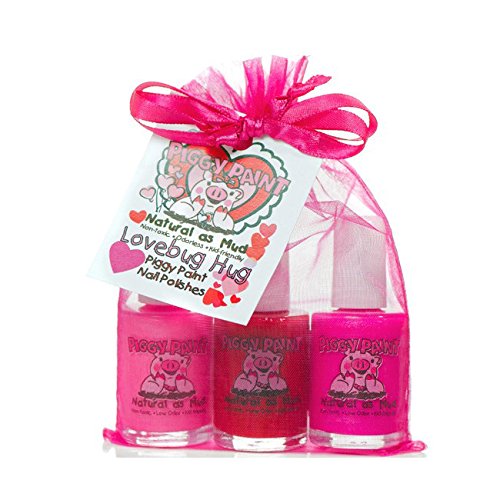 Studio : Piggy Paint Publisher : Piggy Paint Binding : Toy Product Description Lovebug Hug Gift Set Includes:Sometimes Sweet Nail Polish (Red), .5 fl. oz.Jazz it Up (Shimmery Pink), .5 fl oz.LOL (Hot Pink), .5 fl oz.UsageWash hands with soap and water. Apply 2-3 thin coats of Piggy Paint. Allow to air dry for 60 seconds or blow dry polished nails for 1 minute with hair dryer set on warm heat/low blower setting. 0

════════════════════

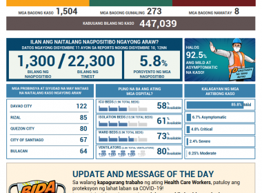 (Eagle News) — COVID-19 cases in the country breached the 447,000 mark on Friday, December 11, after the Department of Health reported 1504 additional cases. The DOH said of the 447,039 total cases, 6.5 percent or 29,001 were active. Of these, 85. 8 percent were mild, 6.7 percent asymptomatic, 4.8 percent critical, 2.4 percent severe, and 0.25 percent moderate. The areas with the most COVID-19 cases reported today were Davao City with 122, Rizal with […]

════════════════════

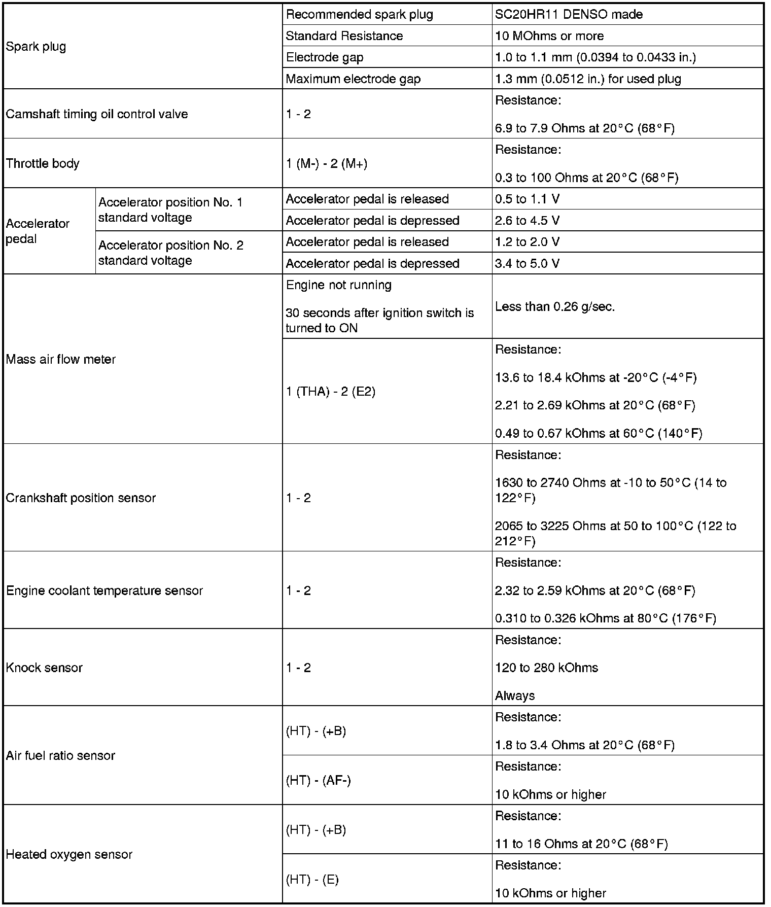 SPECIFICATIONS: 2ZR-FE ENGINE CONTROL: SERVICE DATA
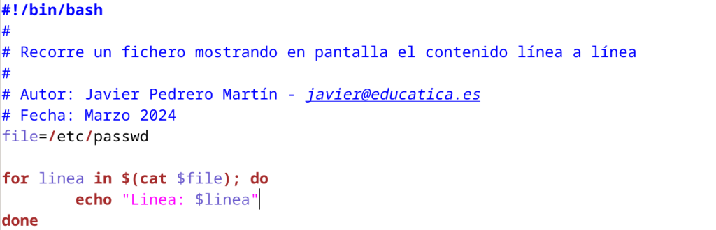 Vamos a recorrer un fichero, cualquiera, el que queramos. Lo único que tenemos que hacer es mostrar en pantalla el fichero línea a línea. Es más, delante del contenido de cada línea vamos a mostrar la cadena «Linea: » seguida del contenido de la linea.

════════════════════

» **Brief**
In the records above, everything from the line with "SPECIFICATIONS: 2ZR-FE ENGINE" down to the line with "Vamos a recorrer" must be duplicated exactly, both lines kept. Leave no pictures in.

» **The answer**
 SPECIFICATIONS: 2ZR-FE ENGINE CONTROL: SERVICE DATA
 Vamos a recorrer un fichero, cualquiera, el que queramos. Lo único que tenemos que hacer es mostrar en pantalla el fichero línea a línea. Es más, delante del contenido de cada línea vamos a mostrar la cadena «Linea: » seguida del contenido de la linea.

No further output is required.